##### GIVEN INFORMATION #####
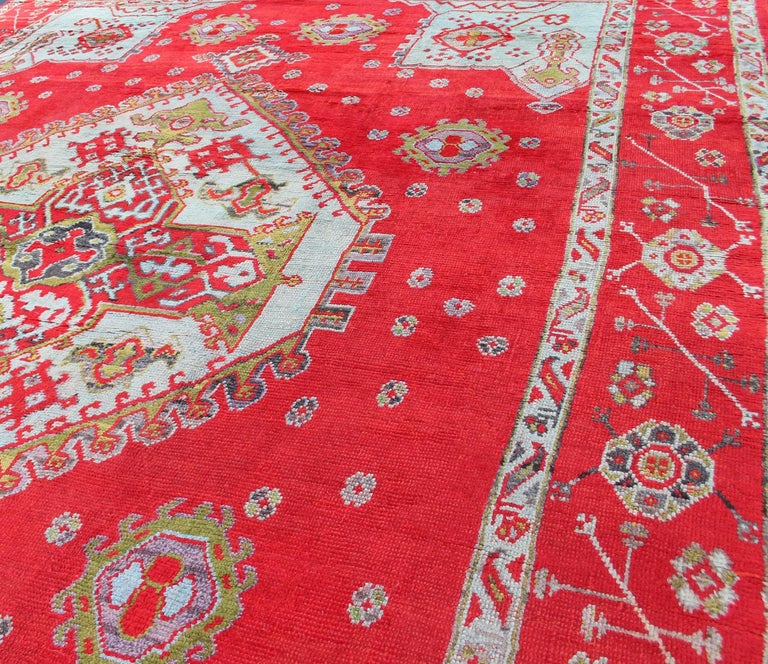 Antique Oushak Rug with Beautiful Red, Acid Green and Icy Blue For Sale
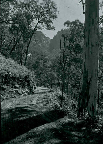 Black and white image of the newly constructed road to Mt Buffalo, photographed by A.J. Campbell.
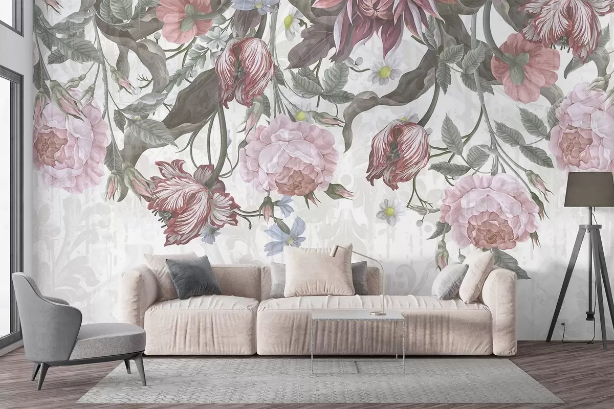Fototapetai Sodri gėlių kompozicija su didelėmis rausvomis ir baltomis gėlėmis, žaliais lapais ir stiebais Nr. w08435
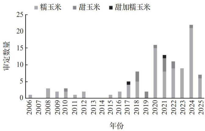 摘要:对2006-2025年通过黑龙江省审定的108个鲜食玉米品种的品种类型、选育机构、农艺性状及产量等进行统计和分析,总结了近年来黑龙江省审定鲜食玉米品种主要性状的变化特点,为黑龙江省鲜食玉米优良品种筛选、新品种选育和生产实践提供科学依据。结果表明,2006-2025年审定的鲜食玉米品种数量呈上升趋势,育种主体主要是科研院所和种子企业。从性状上看,甜玉米以黄色为主,糯玉米则以白色、黄色为主色调;鲜食玉米品种采收期70-95d;糯玉米生产试验产量与株高、穗位高、穗行数、百粒重呈极显著正相关,与穗粗呈显著正相关;甜玉米生产试验产量与株高呈显著正相关,与穗长、穗粗呈显著负相关。在性状选择时,应加大对这些性状的重视,同时应加强耐密品种的选择。
#####
AIM OF THE TASK: Leave out the pictures and restate, word for word, the lines from the top of the data through the line containing "Fototapetai Sodri gėlių", both included.

SOLVED EXERCISE:
 Antique Oushak Rug with Beautiful Red, Acid Green and Icy Blue For Sale
 Black and white image of the newly constructed road to Mt Buffalo, photographed by A.J. Campbell.
Fototapetai Sodri gėlių kompozicija su didelėmis rausvomis ir baltomis gėlėmis, žaliais lapais ir stiebais Nr. w08435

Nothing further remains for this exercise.